Indonesia still lags behind in terms of innovation, as shown by the 2018 Global Innovation Index (GlI) that placed the country in 85th position among 126 countries, or 14th among 15 Southeast Asia and Oceania countries.

Meanwhile, the 2019 World Intellectual Property Indicators recorded that only 14.4 percent of the 9,754 patent applications in the country in 2018 were from resident applicants. Of the more than 1,300 resident applicants, only 790 were granted rights, according to the research ministry.

“There are differences between research outputs produced out of fear of being audited and those resulting from true innovation. These administrative outputs made just to play it safe when going through audits must be left behind. We want research outputs made out of these limited funds to be truly useful,” Bambang said.

The BRIN was established to consolidate research and development bodies in each ministry and state agency along with nonministerial research bodies and universities, as well as state-owned and private companies.

Bambang, a former national development planning minister and finance minister, said the agency aimed to bolster inventions, prototypes, patents and innovative products that had for a long time gone underutilized by down-streaming them to the industry.

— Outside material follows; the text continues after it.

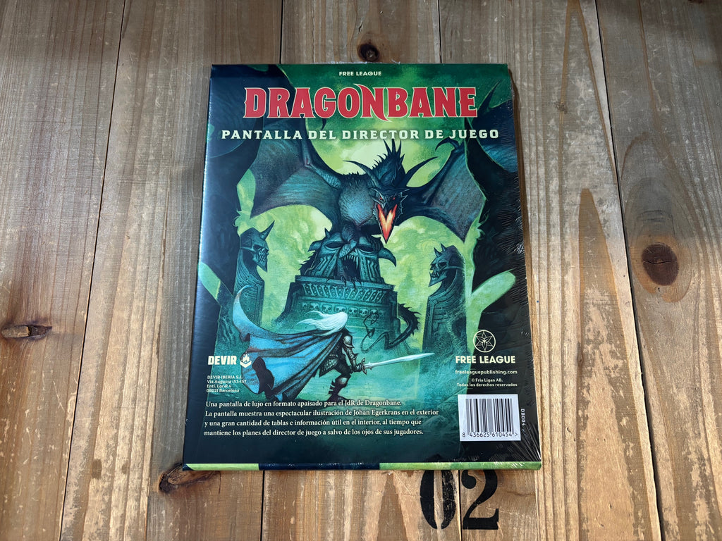 Una pantalla de lujo en formato apaisado para el JdR de Dragonbane. La pantalla muestra una espectacular ilustración de Johan Egerkrans en el exterior y una gran cantidad de tablas e información útil en el interior, al tiempo que mantiene los planes del director de juego a salvo de los ojos de sus jugadores.

The gap between the industry and researchers has long been a concern among experts. The National Development Planning Agency’s (Bappenas) latest technocratic draft of the National Medium-Term Development Plan (RPUMN) 2020-2024, citing government data, stated there were only 52 innovative products used by the industry and firms in 2018.

Indonesian Academy of Sciences (AIPI) secretary-general Chairil Abdini suggested that less state money be distributed to research and development bodies in ministries and state agencies, arguing that the government should just focus on basic research, such as policy research.

“If they focus on R&D, then it’s better to spin them off into state-owned enterprises or into firms on their own. That way they’re not funded by the state, but rather by selling their products to state or private firms. The R&D is supposed to be carried out by firms instead of the government,” he said.

He cited as an example private firms in the United States that spend more on research and development than the government, which focused rather on basic research.

According to the UNESCO Institute for Statistics, US businesses’ spending on research and development is more than five times higher than that of the government. In Indonesia, the government still spends more than businesses.

Chairil cited an Indonesian Institute of Sciences (LIPI) survey involving between 300 and 400 firms that found that these firms only spent a total of Rp 1.3 trillion on research and development, a small figure that showed more needed to be done to improve industry’s involvement.

He acknowledged that this was largely because of the country’s weak domestic industry, suggesting that the government could gradually start with state-owned firms.

“Innovations need markets. BRIN’s task is not only to maintain synergy within the process chain, starting from research and innovation to commercial products, but also between state institutions that create policies on the market,” he said.

The University of Indonesia’s Center for Sustainable Infrastructure Development (CSID) director Mohammed Ali Berawi said that with the establishment of BRIN, research funds should not be distributed on the basis of institutions, but rather on projects that could cross sectors.

Multisectoral research and innovation could bring about higher impacts than sectoral projects that had been observed in the country thus far, the CSID expert argued.